Scientists have long warned that hurricanes and other extreme weather will worsen alongside global warming. The 2015 National Climate Assessment, a congressionally mandated report conducted every four years, concluded that “hurricane intensity and rainfall are projected to increase as the climate continues to warm.” And research also shows there’s been a marked slowdown in hurricanes’ speed over both water and land, leading to increased risk of torrential rain, flooding and storm surge.

But the new analysis is perhaps the clearest evidence to date that the crisis is already intensifying tropical storm systems.

“The trend is there and it is real,” James P. Kossin, a NOAA researcher and lead author of the study, told The New York Times. “There’s this remarkable building of this body of evidence that we’re making these storms more deleterious.”

The report comes on the heels of a 2019 Atlantic hurricane season that tied 1969 as the fourth most active season on record, with 18 named storms, six hurricanes and three major hurricanes. Among them was Hurricane Dorian, a monster Category 5 storm that devastated the northern Bahamas and which climate scientists called “a preview of the climate crisis to come.”

Experts are warning of more of the same this year. The majority of organizations that have released 2020 seasonal forecasts predict above-average hurricane activity in the Atlantic, as CNN reported earlier this month. Penn State University, for example, predicts between 15 and 24 named tropical storms, in part due to warmer-than-normal water temperatures in the North Atlantic.

The NOAA is set to announce its outlook for the Atlantic hurricane season on Thursday as much of the nation reels from the ongoing COVID-19 pandemic. The official hurricane season runs from June 1 to Nov. 30, but it got an early start over the weekend when Tropical Storm Arthur ― the first named storm of the year ― formed off the coast of Florida.
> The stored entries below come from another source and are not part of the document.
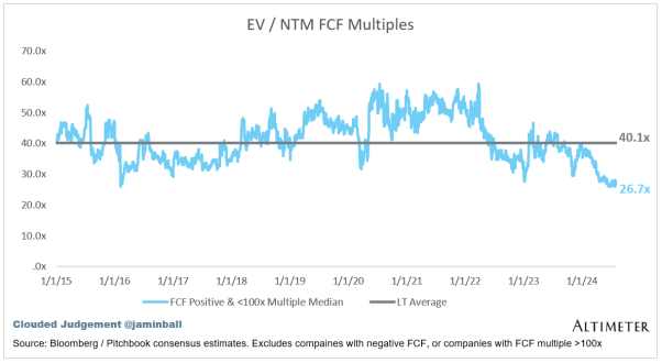 折线图显示了FCF倍数为>0倍和<100倍的所有公司的中位数。我创建了这个子集,以向公司展示 FCF 是相关估值指标的公司。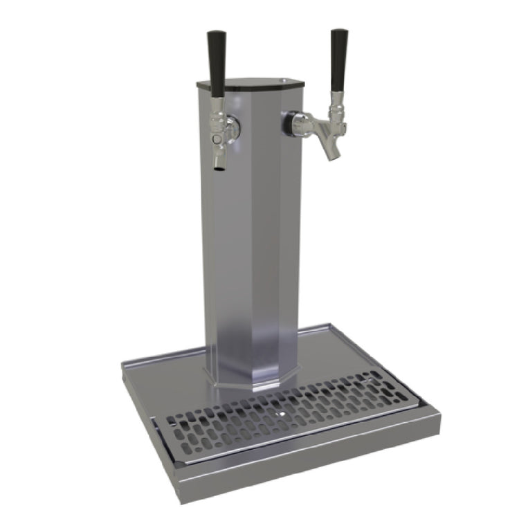 Glastender, Inc., CT-2-SS, Column Draft Dispensing Tower, countertop, (2) stainless steel faucets (handles not included), air-cooled, integral drain pan with removable perforated insert, all stainless steel construction, stainless steel finish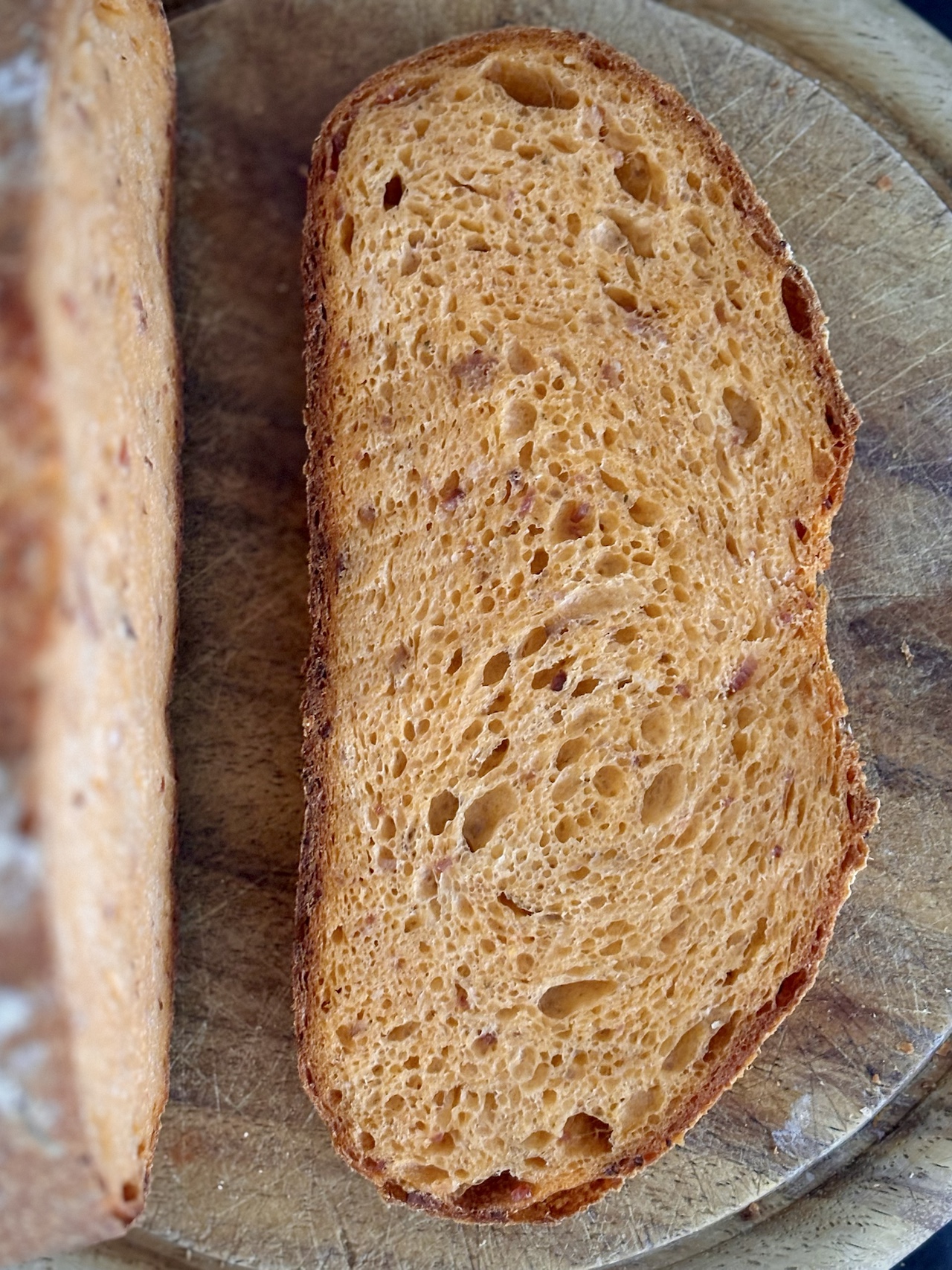 This looks awesome! Love the flavor combo and your crumb looks perfect. I made a tomato based dough a looooong time ago but definitely didn’t add bacon which I love.

The system brushed the North Carolina coast on Monday, delivering heavy rain to parts of the state, before moving back out to sea.

In the past, President Donald Trump has marveled at the size and ferocity of hurricanes, including Harvey and Irma, only to scoff at the idea that climate change played a role. Former Environmental Protection Agency Administrator Scott Pruitt went as far as to call it “insensitive” to mention the climate crisis as storms were unfolding ― part of a well-documented effort by Trump and his team to bury and downplay climate science.